Schließlich begegnet auch die grafische Gestaltung des Vertrags und der Widerrufsinformation keinen Bedenken, da die Lesbarkeit durch Überschriften, Einrahmungen und Kürze der Informationen nicht zu beanstanden ist.
Die weiteren Einwendungen des Klägers hat der Senat geprüft und für nicht durchgreifend erachtet.
Nach alledem kommt es auf die beklagtenseits erklärte Hilfsaufrechnung und einen eventuellen Rechtsmissbrauch des Klägers nicht mehr an.

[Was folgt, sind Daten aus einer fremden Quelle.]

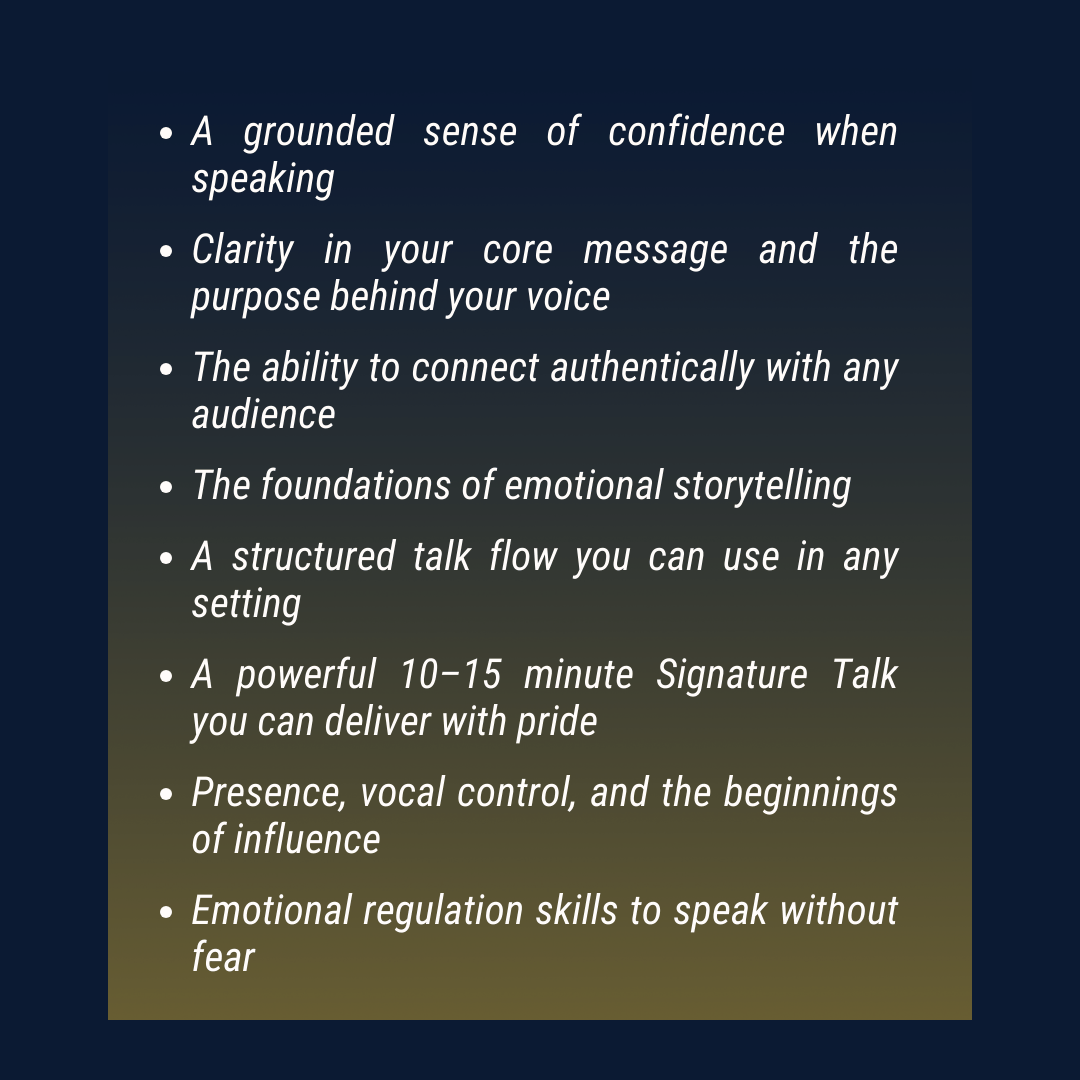 From Awakening Your Voice → To Mastering the Stage → To Inspiring Action at Scale.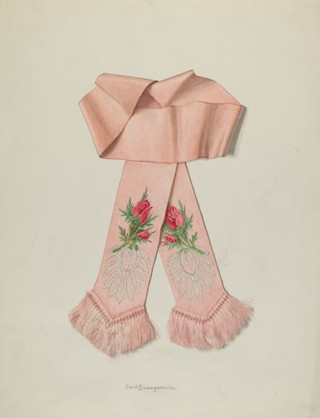 Curator: This is "Mittens" by Archie Thompson, made sometime between 1935 and 1942, a watercolor and pencil drawing. What are your initial thoughts? Editor: They look so warm! Not just physically—they give off a cozy feeling. Like Grandma's about to send you off to play in the snow, but first, a cup of something hot, you know? It's the red, maybe? Curator: Yes, red is a strong color that speaks to winter activities, warmth and holidays, a popular decorative hue, and these mittens evoke a very specific time. This was a period of significant social and economic change. I wonder how clothing items such as these played into that landscape. Editor: Hmm, like were they homemade as a necessity, a symbol of simpler times people wanted to cling to? That floral design looks pretty detailed—somebody put real love into stitching that. Do you think that craftsmanship represented a sort of defiance, an insistence on beauty during hardship? Curator: Precisely! Think about the broader context, the rise of consumerism. These handmade items gain a certain cultural significance. Perhaps a silent protest against mass production or a way for artists to reclaim traditional art skills to respond to such movements? Editor: Maybe they just kept little fingers from freezing, but now you've got me thinking! Look at how the color shifts on the wool—Archie Thompson was paying attention. Watercolor usually isn't so opaque, so it has to be layers of drawing and paint—wonder how long it took him to build this up. You see how this technique and the care given can be interpreted as quiet rebellion, especially given the period. It's more than mittens. Curator: Exactly. These mittens are transformed from functional object into a representation of a particular cultural narrative. Art transforms mundane items, challenging norms. Editor: So much weight on a pair of painted mittens. Who knew? Still, warm thoughts prevail—they did the work of protecting vulnerable hands, of sparking memories and representing cultural values. What else could mittens ask for? Curator: True, a very hopeful work, made all the more powerful when framed by its historical setting. It seems simplicity is complexity's greatest disguise.

Das Passivrubrum war entsprechend der erfolgten Verschmelzung zu berichtigen.
Den Wert hat das Berufungsgericht entsprechend den klägerischen Anträgen in erster und zweiter Instanz festgesetzt. Soweit das Landgericht hierzu angenommen hat, der Kläger wolle insgesamt auch eine Befreiung von der Zinslast durchgesetzt wissen und auch die Rückzahlung seiner Anzahlung reklamiere, ändert dies nichts an der Tatsache, dass der Kläger nur den mit der Klagesumme bezifferten Streitgegenstand anhängig gemacht und zur Entscheidung gestellt hat. Dieser Betrag war demnach auch der Streitwertfestsetzung in erster Instanz zugrundezulegen.
Eine Zulassung der Revision war nicht angezeigt, da sämtliche zu entscheidenden Rechtsfragen bereits höchstrichterlich geklärt sind.